> **Task instructions**
Below are entries with pictures in them. Output exactly the lines starting at the line with "لگنچه. [ ل َ" and ending at the line with "A. Görüntü seçenekleri", both included, but not the pictures.

___ Excerpted records ___

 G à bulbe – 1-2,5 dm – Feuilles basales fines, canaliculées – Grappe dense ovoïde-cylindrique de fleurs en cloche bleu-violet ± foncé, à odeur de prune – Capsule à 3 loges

___
___ Excerpted records ___

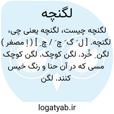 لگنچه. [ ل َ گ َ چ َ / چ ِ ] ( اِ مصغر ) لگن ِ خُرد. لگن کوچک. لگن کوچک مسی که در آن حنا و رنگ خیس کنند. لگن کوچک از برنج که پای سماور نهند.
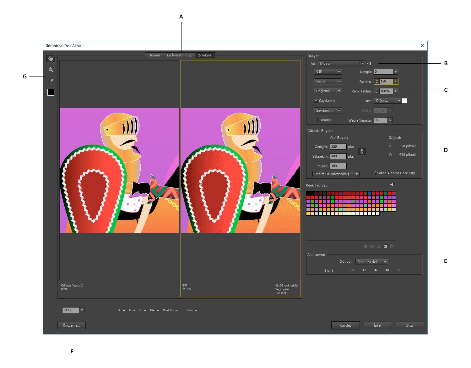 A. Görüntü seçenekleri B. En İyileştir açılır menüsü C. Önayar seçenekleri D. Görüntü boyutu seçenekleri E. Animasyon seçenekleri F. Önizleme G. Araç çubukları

___

> **The answer**
 لگنچه. [ ل َ گ َ چ َ / چ ِ ] ( اِ مصغر ) لگن ِ خُرد. لگن کوچک. لگن کوچک مسی که در آن حنا و رنگ خیس کنند. لگن کوچک از برنج که پای سماور نهند.
 A. Görüntü seçenekleri B. En İyileştir açılır menüsü C. Önayar seçenekleri D. Görüntü boyutu seçenekleri E. Animasyon seçenekleri F. Önizleme G. Araç çubukları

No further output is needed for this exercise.